I know first hand how screwed up the community in Dowtown Oakland/Northgate/Koreatown or whatever developers want to call it this week. There is rot at the core of the culture and it needs a change. I became (and remain) so sick of the ghetto churches, liquor stores, crap BBQ/fried chicken places, prostitues, hooptie chop shops, etc. The ghetto churches may be the worst as they pretend to be a solution when some of them are definitely part of the problem. The one next door to my house includes residential property that has been home to a drug dealer, a recycling business and the good lord knows what else. The pastor has done nothing to improve the dilapitated structures and has the residents piping grey water out the kitchen window.
The black community in Oakland could learn alot to improve their lives from Korean immigrants. They could probably learn alot from Kenyan immigrants if they were coming to Oakland. The people who turned Oakland into a slum cannot stop the changes that are happening. Immigrants will come to live. And the affluent will return to the inner cities as a result of the massive economic changes we are witnessing now. And thankfully, some of them will be African American.
As far as concerns about the ethnic make up of Koreana Plaza, I vividly recall being impressed by the numerous central americans there who can speak functional Korean.

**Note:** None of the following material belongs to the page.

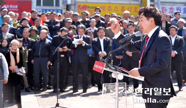 신 후보는 이어 "원희룡 후보는 지난 3월 16일 예비후보 등록조차 안 된 상태에서 제주시 관덕정 앞 광장에서 출정식을 방불케 할 정도로 많은 인원이 모인 자리에서 출마 기자회견을 열어 마이크와 앰프를 사용해 "제주도민 여러분, 도와주십시오" 등의 발언으로 지지를 호소하는 등 사실상 선거유세를 해 사전선거운동을 했다는 혐의를 받고 있다"고 주장했다.

Oakland doesn't need a "African American Town" because it is, and will remain for decades or longer, a Chocolate City. What it does need is a black community willing to embrace opportunities to improve, welcome newcomers (like Koreans), and develop a stronger sense of ethics. When I removed the self dissassembling chimney of that 100 year old house during my renovation efforts, at the very bottom I found hebrew text from what looked like a song book. This house was probably originally owned by jews, decades before African Americans arrived in the 1940s. Oakland still represents a promised land for immigrant people from around the world. When the residents of Oakland who have lived there for many generations, wake up to this and appreciate what they have and the opportunities right in front of them, Oakland will have a chance to be a best place to live rather than the marginal place it is now.